I'm slightly on the fence with this. Your sister has clearly behaved very badly with the 5 week strop- if she's upset, surely she could explain why and have an actual discussion about the issues.
But...I do think the charity donation/gift thing could have been better thought out. Like it or not, gift giving is a big part of Christmas for most families, and many people would feel very uncomfortable turning up without a gift, particularly for younger members of the family. So there's a real chance that other adults in the family will still feel the need to buy for your son. Adults without children of their own are unlikely to feel hard done-by if they go ahead and buy your son a gift and receive nothing in return, but your sister may feel put out on behalf of her own children who will be used to receiving gifts from their aunt.

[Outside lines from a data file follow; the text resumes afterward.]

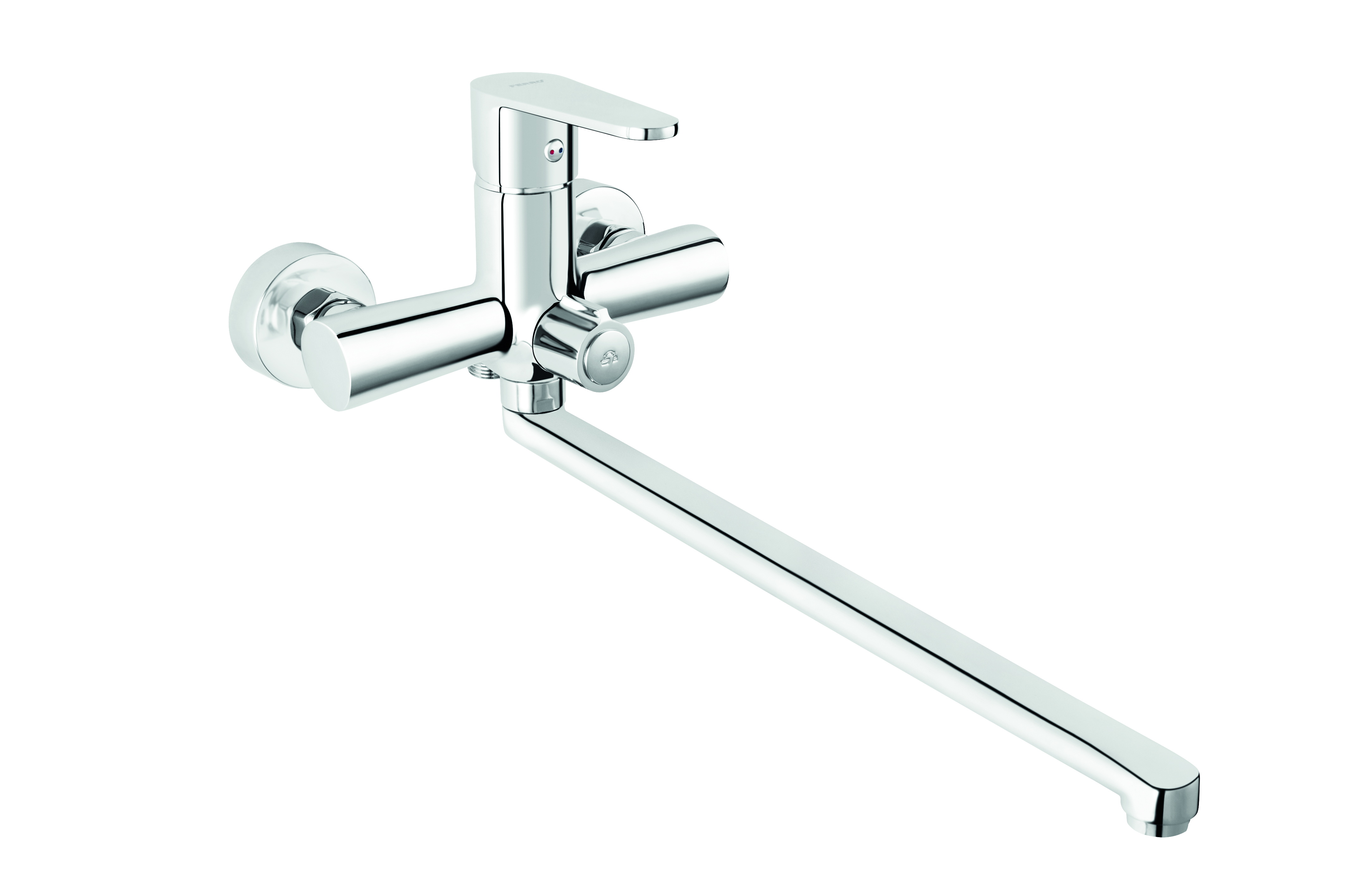 Bateria umywalkowo-wannowa z funkcjonalną, ruchomą wylewką. Uniwersalne przyłącze 1/2" umożliwia zastosowanie dowolnego zestawu natryskowego. Ceramiczny, ergonomiczny przełącznik wylewka/natrysk zapewnia łatwość w obsłudze.
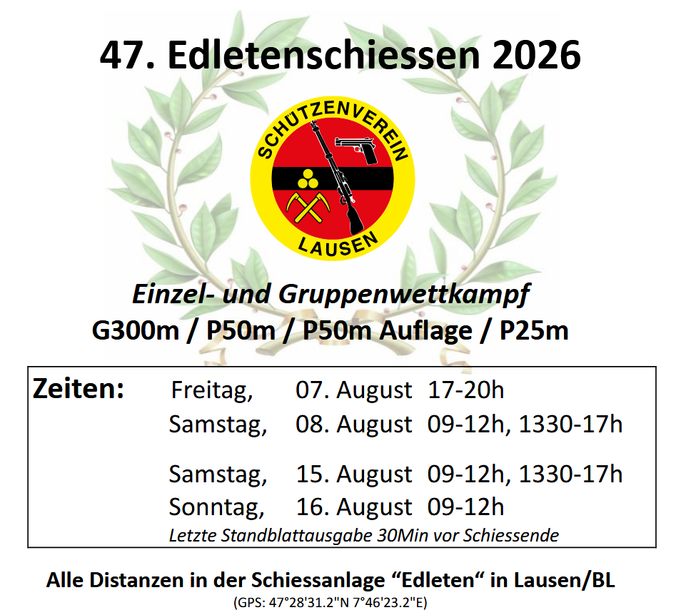 Herzlich Willkommen beim Schützenverein Lausen! Hier gehts zu den Jungschützen Hier gehts zum Edletenschiessen
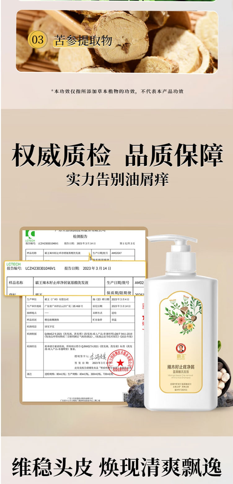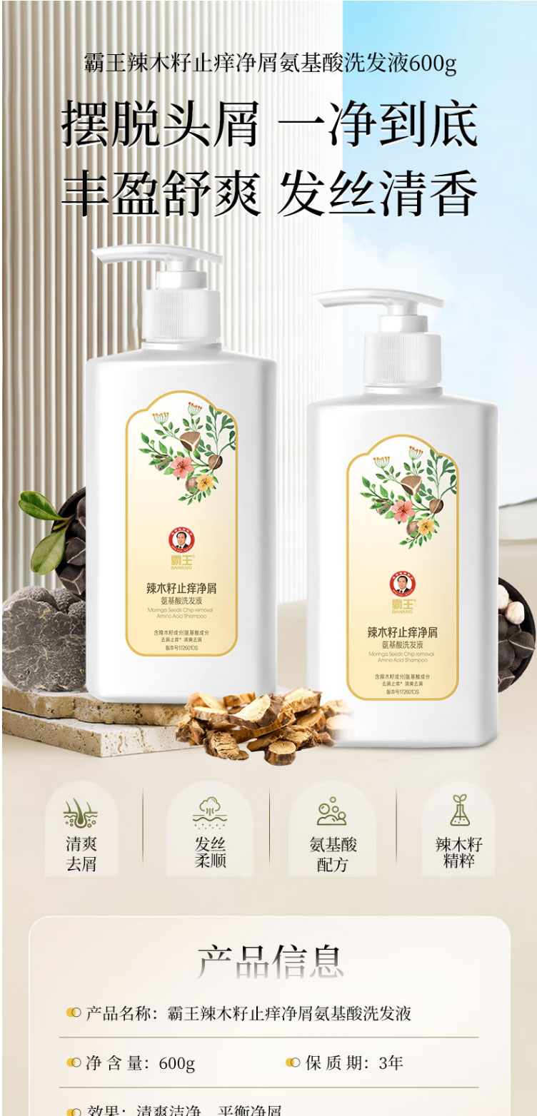 商品名称:霸王辣木籽止痒净屑氨基酸洗发液600g

That doesn't make them grabby or entitled - they've grown up with a particular Christmas set-up and it's suddenly being changed by one individual, without prior discussion. It also feels like there's a slight undercurrent of judginess about your nieces and nephews and how much they already have. You are still buying gifts for your own son, but you don't feel that you need to buy for the other close family children because they have so much.

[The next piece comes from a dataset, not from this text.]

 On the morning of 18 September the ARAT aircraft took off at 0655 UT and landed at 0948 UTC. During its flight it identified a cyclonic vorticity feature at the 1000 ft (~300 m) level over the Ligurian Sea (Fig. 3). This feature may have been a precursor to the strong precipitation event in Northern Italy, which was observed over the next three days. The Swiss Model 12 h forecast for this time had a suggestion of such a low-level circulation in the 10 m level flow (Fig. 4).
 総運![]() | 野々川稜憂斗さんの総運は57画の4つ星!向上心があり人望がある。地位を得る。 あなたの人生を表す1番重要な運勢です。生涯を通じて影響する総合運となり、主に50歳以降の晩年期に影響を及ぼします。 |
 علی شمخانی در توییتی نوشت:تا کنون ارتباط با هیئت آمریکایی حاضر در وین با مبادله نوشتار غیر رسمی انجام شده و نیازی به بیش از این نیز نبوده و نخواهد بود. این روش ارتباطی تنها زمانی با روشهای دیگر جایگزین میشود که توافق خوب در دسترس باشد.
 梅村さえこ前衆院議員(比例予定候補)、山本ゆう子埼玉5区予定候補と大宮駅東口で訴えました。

Christmas is a big thing in most families. I think it was unwise to make a unilateral change to what is, after all, a fairly normal and traditional set-up - people give and exchange gifts, and presumably enjoy doing so.
There's also the fact that it may make others feel as though you think they should be doing the same. I'm not saying that you do think that - but if someone announces that they're making a fairly large charity donation in lieu of gifts, it's likely to make some people think 'Shit, do I look tight for not doing the same?' Again, it is something that should, perhaps, have been discussed in advance, rather than announced as a fait accompli.
It's a lovely thing to do, and I don't think you were wrong to do it. But I do think it should have been approached differently, and probably with the children excluded, even if their gifts were scaled back slightly. The exchange of gifts is about more than what the recipient 'gets' and it may well be that the sister is more concerned with that side of things than with the material aspect.